The paper I’ve chosen to review to start the week is quite an interesting one. It is called Probabilistic Neural Programs, and it promises to be a relevant attempt at bridging the gap between the state of the art in deep neural networks and the current developments taking place in the emerging computing paradigm of Probabilistic Programming.
As the authors point out at the outset, the current state of the art in deep learning frameworks exhibits limitations or suboptimality in the trade-offs between expressivity in the computational models and the data requirements to meet those computational demands. On the other hand deep learning is a continuous approximating algorithmic setting, while the evidence is suggesting that discrete inference algorithms outperforms continuous approximations.

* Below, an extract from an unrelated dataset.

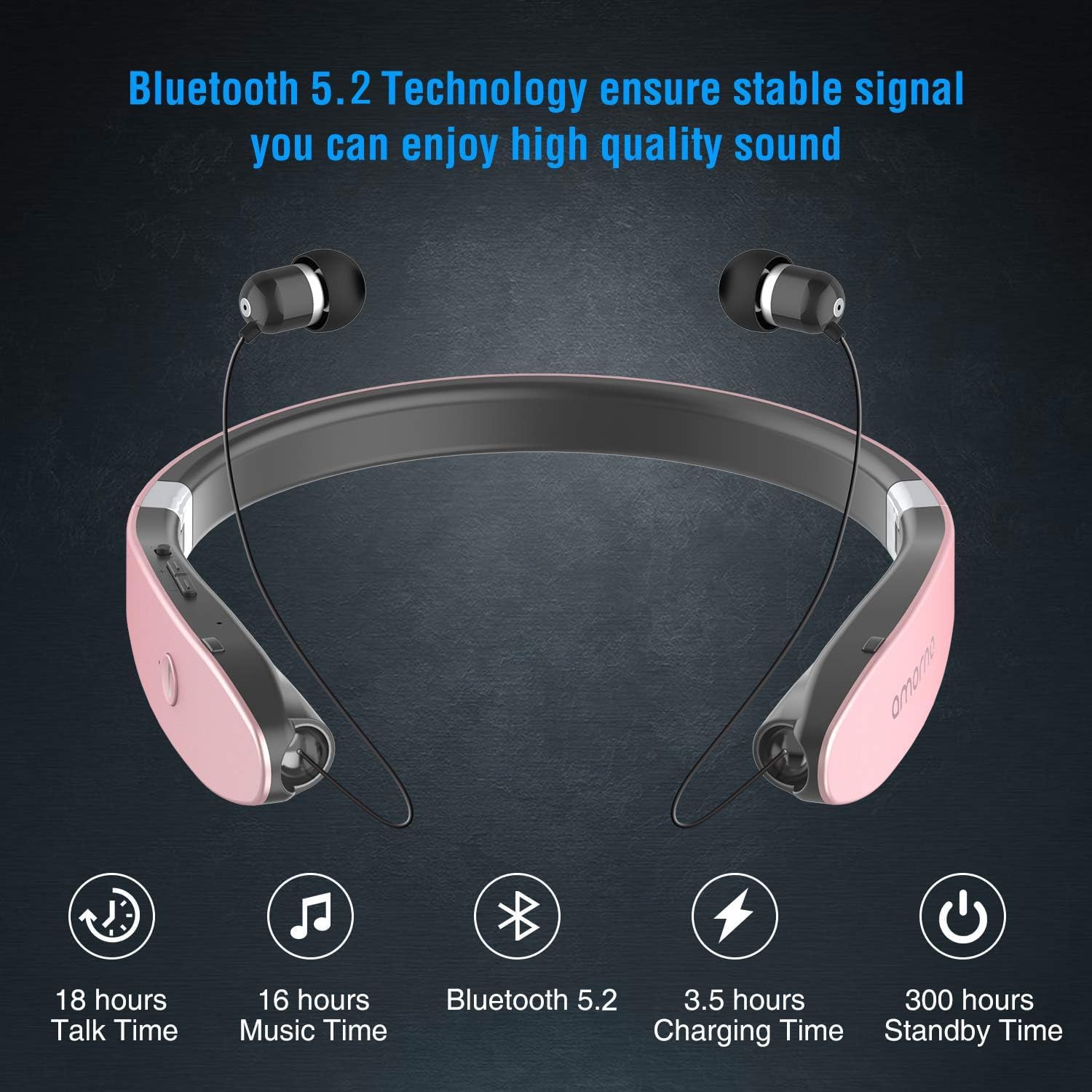 AMORNO Foldable Bluetooth Headphones Wireless Neckband Headset with Retractable Earbuds, Sports Sweatproof Noise Cancelling Stereo Earphones with Mic …

With all this in mind the researchers publish in this post a view that claims Probabilistic Programming as a paradigm that both supports the specification of different tasks in computational models and inference algorithms, including discrete search and continuous approximations (I will not in this review say that I have evidence of this or that I am agreeing with all the conclusions in this paper, as I suspect further research in this area may be needed in the future or a complete peered mathematical proof of the claim). Their probabilistic neural programs propose a new flexible framework permitting specification of the appropriate computational model and inference algorithm while at the same time enabling the use of deep neural networks. They accomplish this difficult to achieve goal by applying a graph-based framework for specifying neural networks added with an operator for weighted nondeterministic choice model.
Thus, a program sketch describes both the decisions to be made and the architecture of the neural network used to score these decisions. Importantly, the computation graph interacts with nondeterminism: the scores produced by the neural network determine the weights of nondeterministic choices, while the choices determine the network’s architecture. As with probabilistic programs, various inference algorithms can be applied to a sketch. Furthermore, a sketch’s neural network parameters can be estimated using stochastic gradient descent from either input/output examples or full execution traces.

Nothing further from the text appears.